Content starts
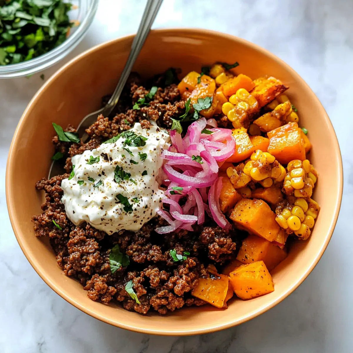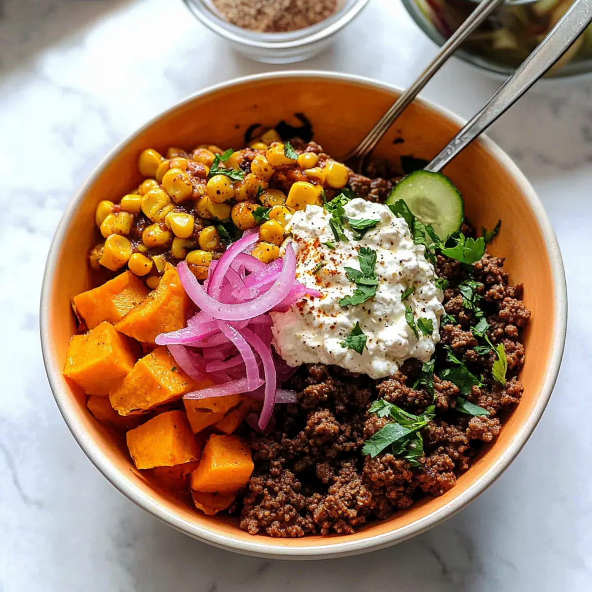 4. Layer the roasted sweet potatoes at the bottom of each bowl, add seasoned ground beef, and drizzle the creamy street corn dip on top.
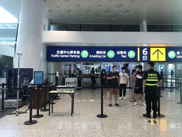 旅客扫码测温进入机场航站楼。 记者王谦 摄
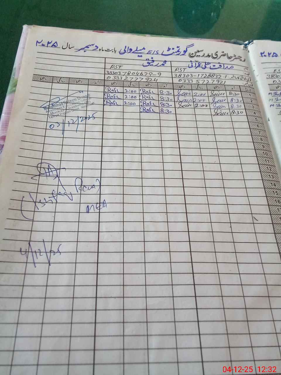 | Name: Mu**** Me**** Designation: (School Headmaster's/Headmistress's) SSE Phone/Cell Number: 03**** |
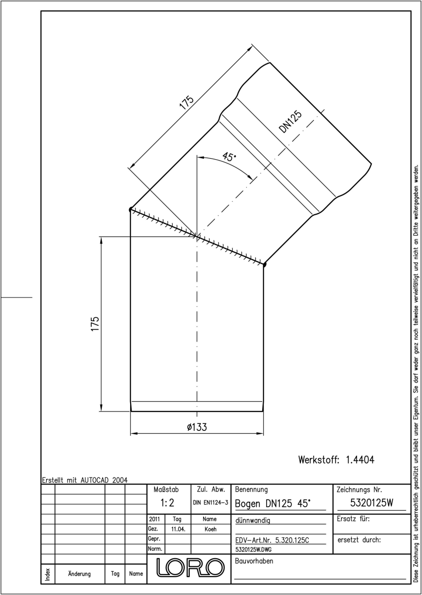 LORO-XCL Bogen, aus Edelstahl, Werkstoff Nr. 1.4404, gebeizt und passiviert, nach DIN EN 1124 mit erhöhtem Qualitätsstandard gemäß RAL-Gütezeichen GZ-694, mit 2-Kammern-Steckmuffenverbindung, Baustoffklasse A1, formstabil, bruchfest, rückstausicher, 45 Grad, DN 125
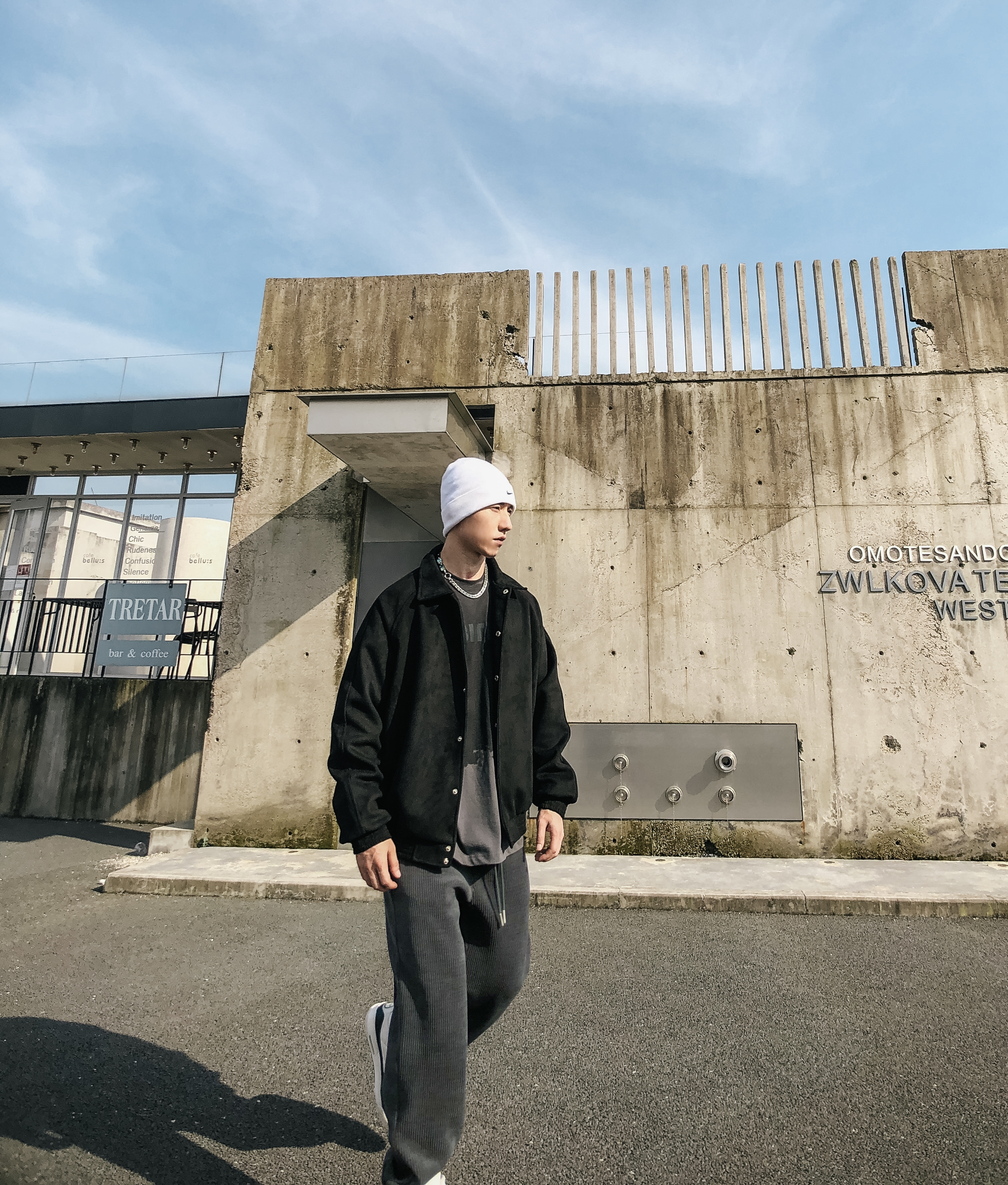穿搭🉐🆒: 🌈上衣:高街风格的夹克比较小众,但实际上却很好驾驭,小众的原因或许是因为大家不知怎么搭配。绒面的手感舒服,厚度足以在冬季做一个靓仔。 🌈裤子:特殊的灯芯绒面料,垂感,厚度,手感,完美合并。相当🐮🍺。 🌈帽子:冬季用冷帽搭配,会比鸭舌帽看着更融洽一点。 🧢帽子:nike 💫项链:asseen ⌚手表:没带 👕上衣:哈林哥studio 🩳裤子:哈林哥studio 👟鞋子:aj3 藤原浩
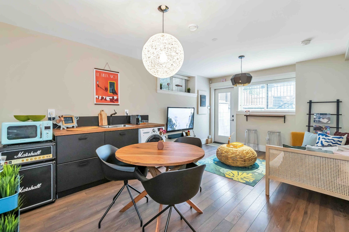 Private entry & space : 500 square feet ( Nothing is shared with anyone ) with a quiet neighbourhood. Stay includes: ▩ Fun: LG 4K OLED TV + Apple TV + 4K Netflix + Marshall speaker + 1 Gbps WIFI ▩ Hot: Air Conditioner + Dyson fan ▩ Cold: Floor heat + Nest thermostat ▩ Bar: Microwave + Fridge + Nespresso + Starbucks capsules + Water Filter ▩ Clean: 2 in 1 LG Dryer/Washer + Toto washlet + Sanitizer ▩ Commute: 7min walk to restaurant/bike lane/walk to transit. 20min drive to YVR / Downtown
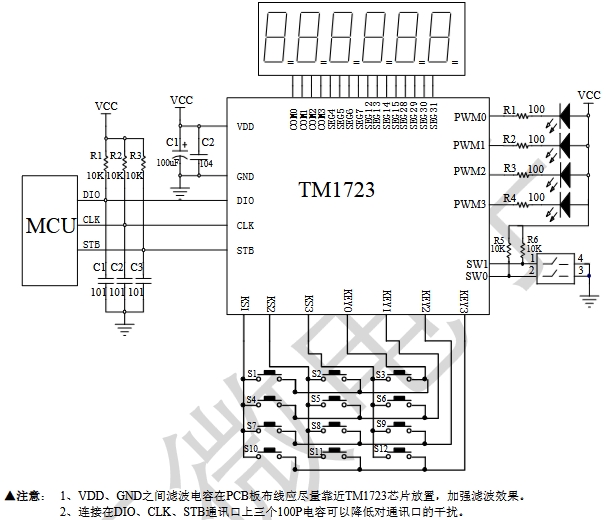 TM1723是一種帶鍵盤掃描接口的LCD驅(qū)動控制專用電路,內(nèi)部集成有MCU 數(shù)字接口、數(shù)據(jù)鎖存器、LCD
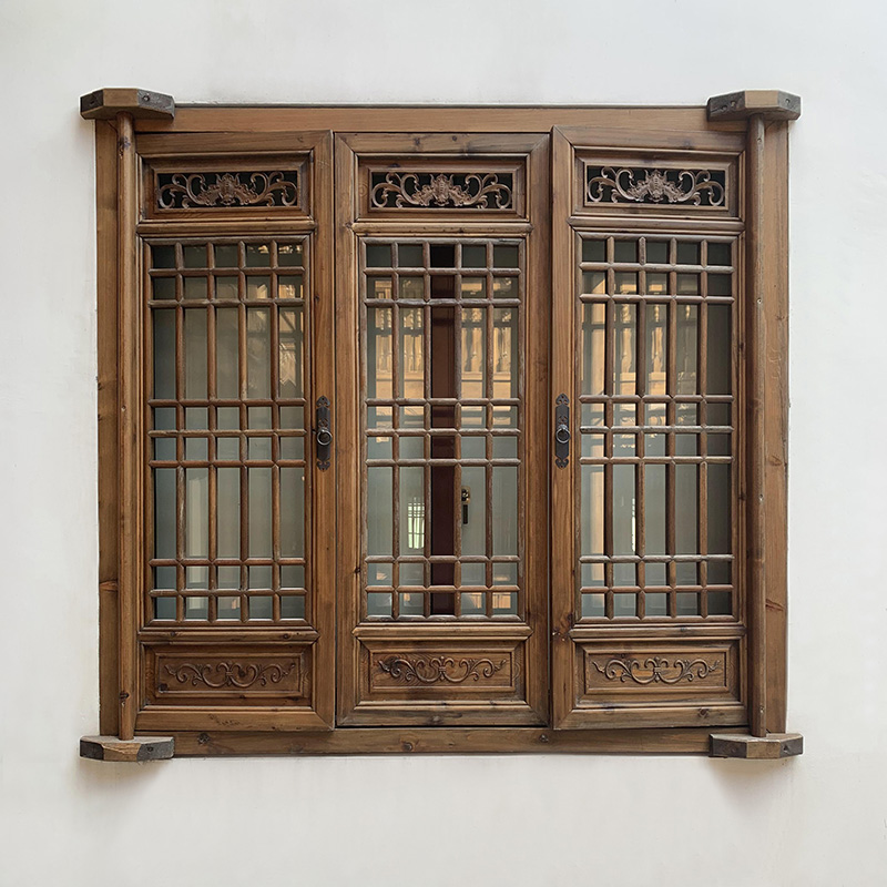 East Yang Wooden Sculptures Antique Doors And Windows New Chinese Solid Wood Hollowed-out Flowers Lattice Hyun Guan Partition Screen Background Wall Manufacturer Direct Sales
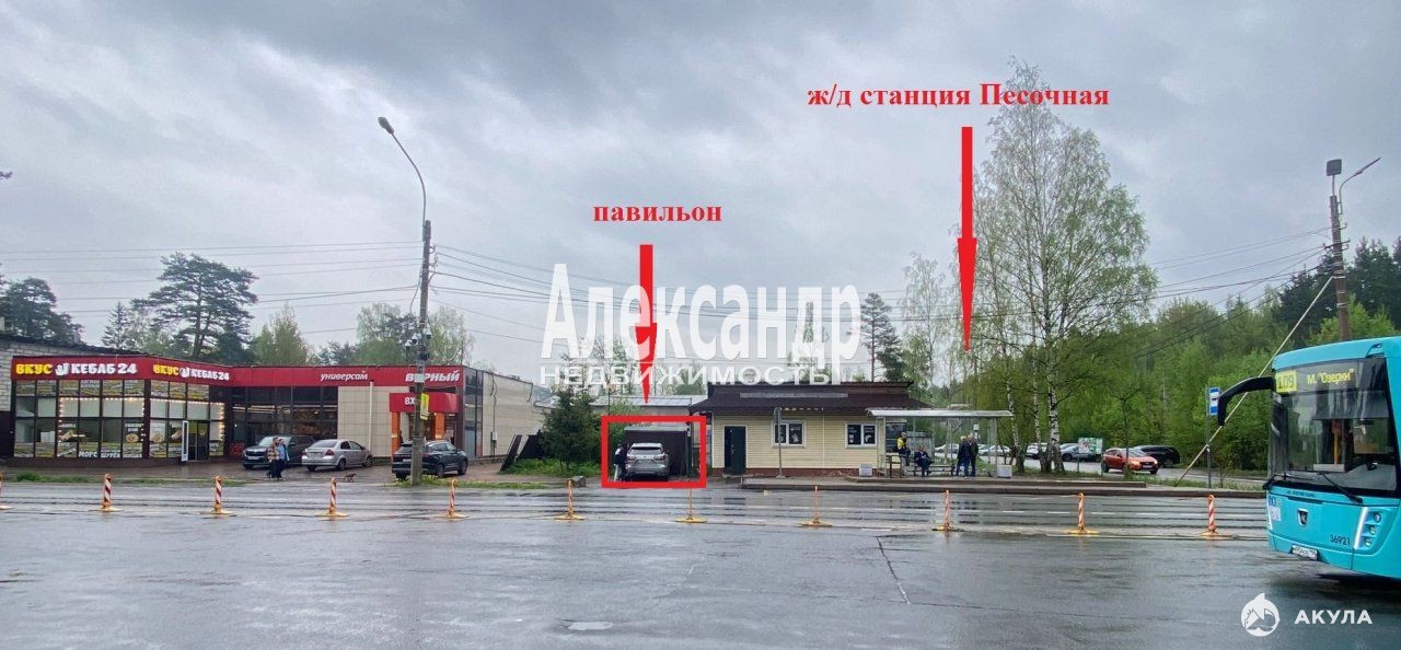 Остановка общественного транспорта прямо у павильона, в 200 м ж/д станция «Песочная», в 130 м отделение Почты России, администрация МО п. Песочный, вокруг жилой массив, в 600 м пляж на озере Курортного лесопарка, что увеличивает поток покупателей в курортный дачный сезон.
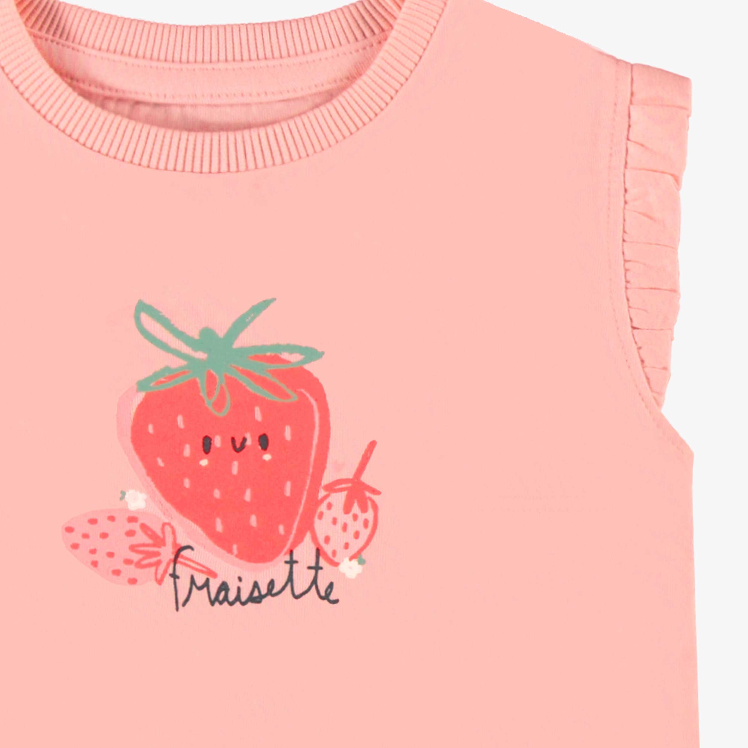T-shirt sans manches rose avec une illustration de fraises. Comprend un col rond en tricot côtelé et des volants aux ouvertures des bras. Fabriqué en doux jersey de coton dans une coupe décontractée.
Content ends
**What to produce:** In the listing above, find the line containing "Private entry &" and the line containing "Остановка общественного транспорта", then return both of them and every line between, exactly, without pictures.

**Solution to the problem:**
 Private entry & space : 500 square feet ( Nothing is shared with anyone ) with a quiet neighbourhood. Stay includes: ▩ Fun: LG 4K OLED TV + Apple TV + 4K Netflix + Marshall speaker + 1 Gbps WIFI ▩ Hot: Air Conditioner + Dyson fan ▩ Cold: Floor heat + Nest thermostat ▩ Bar: Microwave + Fridge + Nespresso + Starbucks capsules + Water Filter ▩ Clean: 2 in 1 LG Dryer/Washer + Toto washlet + Sanitizer ▩ Commute: 7min walk to restaurant/bike lane/walk to transit. 20min drive to YVR / Downtown
 TM1723是一種帶鍵盤掃描接口的LCD驅(qū)動控制專用電路,內(nèi)部集成有MCU 數(shù)字接口、數(shù)據(jù)鎖存器、LCD
 East Yang Wooden Sculptures Antique Doors And Windows New Chinese Solid Wood Hollowed-out Flowers Lattice Hyun Guan Partition Screen Background Wall Manufacturer Direct Sales
 Остановка общественного транспорта прямо у павильона, в 200 м ж/д станция «Песочная», в 130 м отделение Почты России, администрация МО п. Песочный, вокруг жилой массив, в 600 м пляж на озере Курортного лесопарка, что увеличивает поток покупателей в курортный дачный сезон.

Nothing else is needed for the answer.